### [Source data]

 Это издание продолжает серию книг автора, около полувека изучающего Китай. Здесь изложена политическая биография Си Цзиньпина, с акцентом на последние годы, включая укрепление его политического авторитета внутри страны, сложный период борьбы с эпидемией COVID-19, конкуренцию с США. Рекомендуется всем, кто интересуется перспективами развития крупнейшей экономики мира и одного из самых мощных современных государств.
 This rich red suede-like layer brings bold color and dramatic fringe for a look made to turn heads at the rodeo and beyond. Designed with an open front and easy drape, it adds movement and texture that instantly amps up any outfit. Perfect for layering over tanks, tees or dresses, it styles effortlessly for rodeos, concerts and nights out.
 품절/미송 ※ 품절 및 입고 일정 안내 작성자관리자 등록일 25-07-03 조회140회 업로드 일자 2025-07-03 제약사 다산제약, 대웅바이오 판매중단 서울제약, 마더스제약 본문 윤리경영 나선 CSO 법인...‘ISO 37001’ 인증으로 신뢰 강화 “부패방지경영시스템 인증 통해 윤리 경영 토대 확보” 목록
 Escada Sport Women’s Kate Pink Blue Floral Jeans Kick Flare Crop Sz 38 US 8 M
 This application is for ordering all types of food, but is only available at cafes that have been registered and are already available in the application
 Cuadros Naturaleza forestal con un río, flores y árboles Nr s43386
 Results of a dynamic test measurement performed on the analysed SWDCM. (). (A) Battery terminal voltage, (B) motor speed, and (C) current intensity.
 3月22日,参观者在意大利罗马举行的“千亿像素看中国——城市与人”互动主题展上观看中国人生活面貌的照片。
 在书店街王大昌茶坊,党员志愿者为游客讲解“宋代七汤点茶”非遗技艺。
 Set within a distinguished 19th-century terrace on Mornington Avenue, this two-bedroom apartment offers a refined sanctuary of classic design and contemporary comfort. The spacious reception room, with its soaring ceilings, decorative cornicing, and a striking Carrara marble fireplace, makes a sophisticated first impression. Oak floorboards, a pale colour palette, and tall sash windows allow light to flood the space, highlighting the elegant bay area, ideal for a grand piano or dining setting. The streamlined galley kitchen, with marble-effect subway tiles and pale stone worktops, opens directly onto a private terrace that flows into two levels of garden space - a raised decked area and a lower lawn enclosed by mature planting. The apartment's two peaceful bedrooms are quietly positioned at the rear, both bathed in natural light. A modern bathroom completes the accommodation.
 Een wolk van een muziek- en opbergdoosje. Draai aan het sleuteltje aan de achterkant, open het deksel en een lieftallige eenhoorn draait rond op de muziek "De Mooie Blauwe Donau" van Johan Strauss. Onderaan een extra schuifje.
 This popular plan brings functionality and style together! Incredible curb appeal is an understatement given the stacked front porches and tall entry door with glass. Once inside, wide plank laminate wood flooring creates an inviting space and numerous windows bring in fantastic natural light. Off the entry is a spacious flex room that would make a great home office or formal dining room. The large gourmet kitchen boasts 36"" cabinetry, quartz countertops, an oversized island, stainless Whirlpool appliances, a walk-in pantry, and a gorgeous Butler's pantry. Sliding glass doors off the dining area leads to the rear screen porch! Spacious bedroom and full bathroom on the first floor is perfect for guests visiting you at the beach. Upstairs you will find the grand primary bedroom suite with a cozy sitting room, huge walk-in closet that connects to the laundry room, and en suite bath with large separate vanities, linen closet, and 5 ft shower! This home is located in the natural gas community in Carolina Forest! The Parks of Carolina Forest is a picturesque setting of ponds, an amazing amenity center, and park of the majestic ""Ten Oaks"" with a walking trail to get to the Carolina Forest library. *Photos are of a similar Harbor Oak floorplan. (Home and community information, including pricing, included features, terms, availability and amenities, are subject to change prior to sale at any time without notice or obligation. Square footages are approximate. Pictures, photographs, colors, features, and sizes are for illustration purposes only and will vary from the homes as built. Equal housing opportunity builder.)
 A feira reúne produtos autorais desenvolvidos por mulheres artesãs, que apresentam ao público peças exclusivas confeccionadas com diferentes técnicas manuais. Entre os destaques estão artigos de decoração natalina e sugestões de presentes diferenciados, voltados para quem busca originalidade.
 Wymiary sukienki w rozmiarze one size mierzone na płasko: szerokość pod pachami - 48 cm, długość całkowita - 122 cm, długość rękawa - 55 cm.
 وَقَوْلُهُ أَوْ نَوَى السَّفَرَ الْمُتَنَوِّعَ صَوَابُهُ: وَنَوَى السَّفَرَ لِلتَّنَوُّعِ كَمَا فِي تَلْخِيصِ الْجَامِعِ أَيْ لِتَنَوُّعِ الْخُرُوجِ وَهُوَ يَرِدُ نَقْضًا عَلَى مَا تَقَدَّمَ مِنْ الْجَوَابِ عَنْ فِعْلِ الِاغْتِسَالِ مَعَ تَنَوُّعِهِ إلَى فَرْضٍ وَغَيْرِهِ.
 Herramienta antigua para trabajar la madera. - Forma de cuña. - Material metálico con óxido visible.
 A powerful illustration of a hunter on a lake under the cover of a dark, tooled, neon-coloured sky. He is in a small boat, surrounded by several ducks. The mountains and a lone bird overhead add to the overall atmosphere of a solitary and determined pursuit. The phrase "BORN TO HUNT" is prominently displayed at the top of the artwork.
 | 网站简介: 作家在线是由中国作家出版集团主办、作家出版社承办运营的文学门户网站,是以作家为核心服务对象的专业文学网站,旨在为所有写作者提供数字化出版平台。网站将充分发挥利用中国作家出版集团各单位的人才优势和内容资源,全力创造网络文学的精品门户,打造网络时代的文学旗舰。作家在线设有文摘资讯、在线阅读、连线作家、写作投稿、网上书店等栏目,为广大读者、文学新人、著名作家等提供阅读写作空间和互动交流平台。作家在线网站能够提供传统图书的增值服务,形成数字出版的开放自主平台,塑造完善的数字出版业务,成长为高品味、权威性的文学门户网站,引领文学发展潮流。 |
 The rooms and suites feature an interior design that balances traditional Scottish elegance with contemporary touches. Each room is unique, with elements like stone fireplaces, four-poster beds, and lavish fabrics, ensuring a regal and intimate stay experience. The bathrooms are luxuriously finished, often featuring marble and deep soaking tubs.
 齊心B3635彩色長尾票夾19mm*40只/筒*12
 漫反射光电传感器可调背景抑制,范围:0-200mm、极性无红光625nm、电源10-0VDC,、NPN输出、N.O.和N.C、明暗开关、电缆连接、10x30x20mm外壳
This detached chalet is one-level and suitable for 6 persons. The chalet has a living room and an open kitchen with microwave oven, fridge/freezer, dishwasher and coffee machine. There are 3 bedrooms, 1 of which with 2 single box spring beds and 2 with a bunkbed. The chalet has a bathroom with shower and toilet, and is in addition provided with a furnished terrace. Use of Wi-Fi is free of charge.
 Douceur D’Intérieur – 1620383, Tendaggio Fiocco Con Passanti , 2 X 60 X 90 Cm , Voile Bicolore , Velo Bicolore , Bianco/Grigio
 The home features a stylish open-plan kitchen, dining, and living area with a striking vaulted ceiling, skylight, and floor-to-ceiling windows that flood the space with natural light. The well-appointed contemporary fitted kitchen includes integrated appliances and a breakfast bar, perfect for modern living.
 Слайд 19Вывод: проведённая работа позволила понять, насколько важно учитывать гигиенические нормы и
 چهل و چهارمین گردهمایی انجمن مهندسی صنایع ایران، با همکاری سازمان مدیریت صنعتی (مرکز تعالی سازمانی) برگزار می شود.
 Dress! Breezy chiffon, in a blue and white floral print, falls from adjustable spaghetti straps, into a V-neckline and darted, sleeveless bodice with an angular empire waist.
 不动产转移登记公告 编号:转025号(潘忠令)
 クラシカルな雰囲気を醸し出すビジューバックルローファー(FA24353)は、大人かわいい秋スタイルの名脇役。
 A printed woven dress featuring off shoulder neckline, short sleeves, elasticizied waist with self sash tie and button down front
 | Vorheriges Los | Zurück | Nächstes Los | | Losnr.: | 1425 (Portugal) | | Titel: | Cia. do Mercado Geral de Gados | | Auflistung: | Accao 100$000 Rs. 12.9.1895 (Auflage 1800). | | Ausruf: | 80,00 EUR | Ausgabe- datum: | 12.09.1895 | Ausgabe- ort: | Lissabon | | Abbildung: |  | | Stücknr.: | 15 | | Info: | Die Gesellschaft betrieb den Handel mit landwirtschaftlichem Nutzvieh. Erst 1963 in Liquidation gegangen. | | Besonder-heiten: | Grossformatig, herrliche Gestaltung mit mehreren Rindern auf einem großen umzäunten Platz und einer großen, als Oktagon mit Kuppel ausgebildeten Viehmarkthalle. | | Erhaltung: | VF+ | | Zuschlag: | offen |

### [Action item]
Work out how many lines in the listing above hold the word "from", and answer only with that number.

### [Answer to this exercise]
2